> [MATERIAL FOR THIS EXERCISE]
=== Begin Enclosure ===
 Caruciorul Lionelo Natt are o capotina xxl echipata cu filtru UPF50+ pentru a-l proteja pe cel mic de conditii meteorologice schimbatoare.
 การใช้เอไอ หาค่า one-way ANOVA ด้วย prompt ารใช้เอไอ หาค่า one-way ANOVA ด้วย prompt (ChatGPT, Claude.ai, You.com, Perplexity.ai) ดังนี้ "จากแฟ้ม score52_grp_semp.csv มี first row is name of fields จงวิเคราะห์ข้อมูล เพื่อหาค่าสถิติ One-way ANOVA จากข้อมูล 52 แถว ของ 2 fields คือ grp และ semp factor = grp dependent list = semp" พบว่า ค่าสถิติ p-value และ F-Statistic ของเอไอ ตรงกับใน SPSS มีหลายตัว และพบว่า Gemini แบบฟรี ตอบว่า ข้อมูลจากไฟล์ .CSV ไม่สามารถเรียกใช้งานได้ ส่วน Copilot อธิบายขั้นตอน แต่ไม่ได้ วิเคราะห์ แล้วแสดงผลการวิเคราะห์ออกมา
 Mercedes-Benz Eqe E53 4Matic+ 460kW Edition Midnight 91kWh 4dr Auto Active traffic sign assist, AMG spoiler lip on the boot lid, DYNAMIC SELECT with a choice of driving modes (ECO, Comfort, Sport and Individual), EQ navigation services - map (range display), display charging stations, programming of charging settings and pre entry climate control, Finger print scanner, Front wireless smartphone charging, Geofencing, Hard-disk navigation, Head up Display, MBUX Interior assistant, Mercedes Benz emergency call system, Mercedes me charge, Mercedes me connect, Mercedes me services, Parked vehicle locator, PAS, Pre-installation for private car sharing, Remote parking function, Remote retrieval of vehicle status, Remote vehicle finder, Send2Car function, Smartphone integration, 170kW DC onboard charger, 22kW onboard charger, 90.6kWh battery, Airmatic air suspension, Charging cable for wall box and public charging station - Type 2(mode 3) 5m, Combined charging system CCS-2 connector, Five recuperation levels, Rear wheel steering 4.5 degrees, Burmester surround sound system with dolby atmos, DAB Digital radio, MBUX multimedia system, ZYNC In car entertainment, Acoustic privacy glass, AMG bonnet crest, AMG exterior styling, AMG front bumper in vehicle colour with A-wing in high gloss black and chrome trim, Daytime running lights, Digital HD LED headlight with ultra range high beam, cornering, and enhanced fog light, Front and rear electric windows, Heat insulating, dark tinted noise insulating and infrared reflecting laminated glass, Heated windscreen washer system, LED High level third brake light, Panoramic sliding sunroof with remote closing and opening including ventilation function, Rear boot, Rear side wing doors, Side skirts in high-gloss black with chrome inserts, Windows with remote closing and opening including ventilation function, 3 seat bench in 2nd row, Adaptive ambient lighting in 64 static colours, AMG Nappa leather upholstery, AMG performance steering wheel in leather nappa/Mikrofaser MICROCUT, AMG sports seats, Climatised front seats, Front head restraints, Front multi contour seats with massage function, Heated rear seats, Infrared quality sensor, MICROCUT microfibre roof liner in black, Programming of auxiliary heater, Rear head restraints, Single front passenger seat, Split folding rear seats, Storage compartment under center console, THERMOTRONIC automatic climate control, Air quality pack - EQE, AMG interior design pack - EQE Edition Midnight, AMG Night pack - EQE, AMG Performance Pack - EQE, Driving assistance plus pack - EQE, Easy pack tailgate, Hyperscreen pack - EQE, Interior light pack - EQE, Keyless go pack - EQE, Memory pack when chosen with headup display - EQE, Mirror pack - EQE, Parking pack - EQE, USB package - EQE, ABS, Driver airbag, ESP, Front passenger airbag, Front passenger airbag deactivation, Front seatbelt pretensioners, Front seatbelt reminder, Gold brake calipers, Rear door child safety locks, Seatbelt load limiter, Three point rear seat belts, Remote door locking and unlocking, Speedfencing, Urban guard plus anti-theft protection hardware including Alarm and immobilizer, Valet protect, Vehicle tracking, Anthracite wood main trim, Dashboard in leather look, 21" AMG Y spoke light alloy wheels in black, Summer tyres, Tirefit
=== End Enclosure ===
=== Begin Enclosure ===
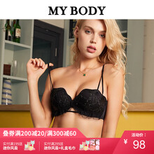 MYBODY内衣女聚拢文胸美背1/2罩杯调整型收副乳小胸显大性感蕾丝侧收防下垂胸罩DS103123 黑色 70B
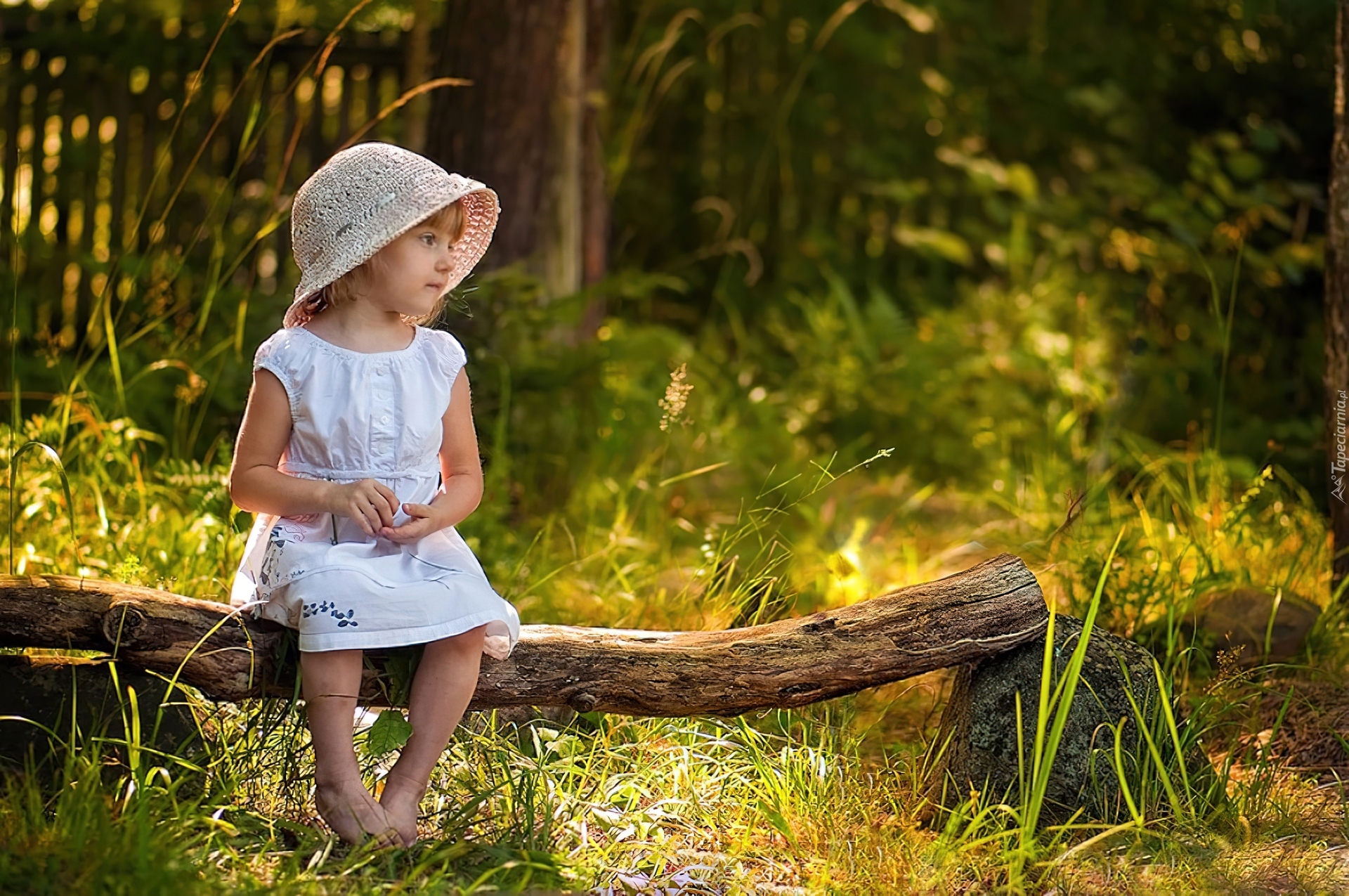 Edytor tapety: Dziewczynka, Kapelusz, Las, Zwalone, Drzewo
=== End Enclosure ===
> [TASK INSTRUCTIONS]
Output the lines above exactly, but only those between the line holding "Caruciorul Lionelo Natt" and the line holding "การใช้เอไอ หาค่า one-way", inclusive.

> [RESULT]
 Caruciorul Lionelo Natt are o capotina xxl echipata cu filtru UPF50+ pentru a-l proteja pe cel mic de conditii meteorologice schimbatoare.
 การใช้เอไอ หาค่า one-way ANOVA ด้วย prompt ารใช้เอไอ หาค่า one-way ANOVA ด้วย prompt (ChatGPT, Claude.ai, You.com, Perplexity.ai) ดังนี้ "จากแฟ้ม score52_grp_semp.csv มี first row is name of fields จงวิเคราะห์ข้อมูล เพื่อหาค่าสถิติ One-way ANOVA จากข้อมูล 52 แถว ของ 2 fields คือ grp และ semp factor = grp dependent list = semp" พบว่า ค่าสถิติ p-value และ F-Statistic ของเอไอ ตรงกับใน SPSS มีหลายตัว และพบว่า Gemini แบบฟรี ตอบว่า ข้อมูลจากไฟล์ .CSV ไม่สามารถเรียกใช้งานได้ ส่วน Copilot อธิบายขั้นตอน แต่ไม่ได้ วิเคราะห์ แล้วแสดงผลการวิเคราะห์ออกมา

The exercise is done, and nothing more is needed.